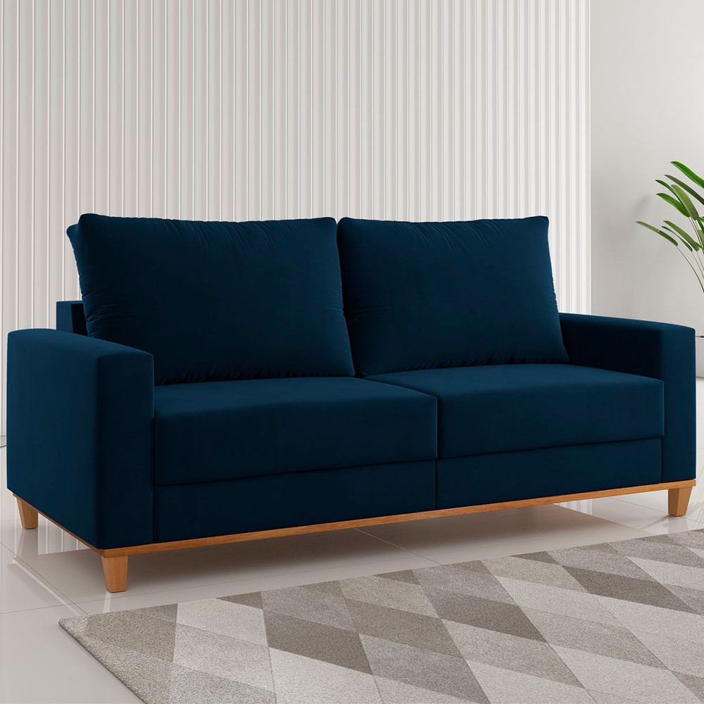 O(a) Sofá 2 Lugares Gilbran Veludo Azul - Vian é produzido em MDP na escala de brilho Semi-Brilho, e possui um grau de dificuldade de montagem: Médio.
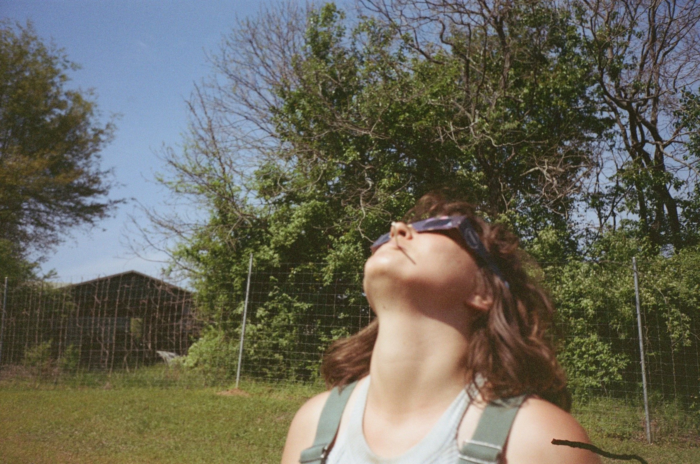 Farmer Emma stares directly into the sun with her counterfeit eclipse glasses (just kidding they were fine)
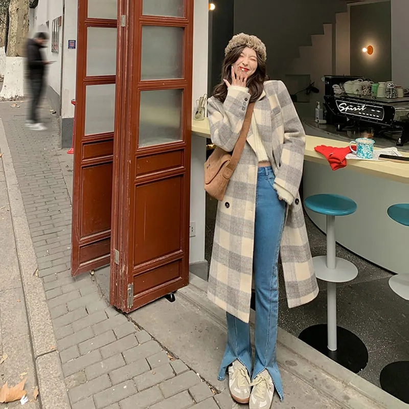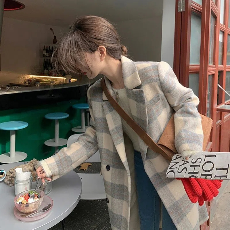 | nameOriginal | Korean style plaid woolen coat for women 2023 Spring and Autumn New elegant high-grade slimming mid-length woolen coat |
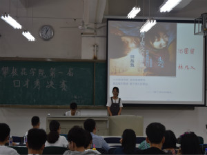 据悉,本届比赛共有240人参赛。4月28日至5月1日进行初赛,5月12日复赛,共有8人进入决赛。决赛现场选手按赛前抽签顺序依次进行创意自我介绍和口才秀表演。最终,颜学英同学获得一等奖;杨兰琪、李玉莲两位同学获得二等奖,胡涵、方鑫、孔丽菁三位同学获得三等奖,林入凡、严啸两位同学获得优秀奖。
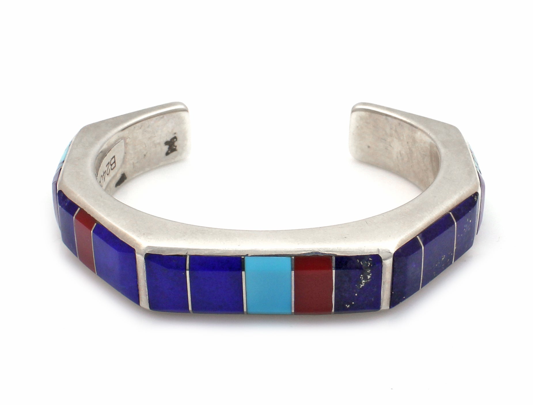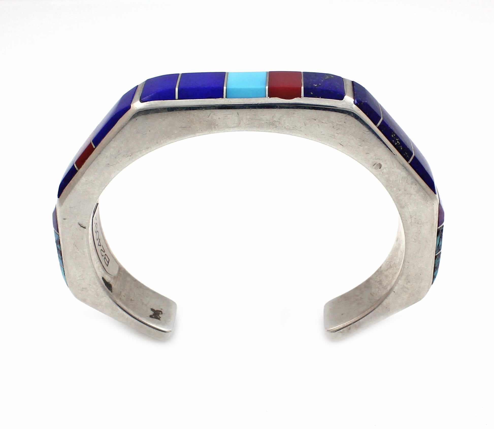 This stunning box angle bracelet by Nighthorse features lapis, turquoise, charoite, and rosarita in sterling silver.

**********

YOUR INSTRUCTIONS ->
From the material above, print everything exactly except the pictures.

SOLUTION FOR THIS EXERCISE ->
 O(a) Sofá 2 Lugares Gilbran Veludo Azul - Vian é produzido em MDP na escala de brilho Semi-Brilho, e possui um grau de dificuldade de montagem: Médio.
 Farmer Emma stares directly into the sun with her counterfeit eclipse glasses (just kidding they were fine)
 | nameOriginal | Korean style plaid woolen coat for women 2023 Spring and Autumn New elegant high-grade slimming mid-length woolen coat |
 据悉,本届比赛共有240人参赛。4月28日至5月1日进行初赛,5月12日复赛,共有8人进入决赛。决赛现场选手按赛前抽签顺序依次进行创意自我介绍和口才秀表演。最终,颜学英同学获得一等奖;杨兰琪、李玉莲两位同学获得二等奖,胡涵、方鑫、孔丽菁三位同学获得三等奖,林入凡、严啸两位同学获得优秀奖。
 This stunning box angle bracelet by Nighthorse features lapis, turquoise, charoite, and rosarita in sterling silver.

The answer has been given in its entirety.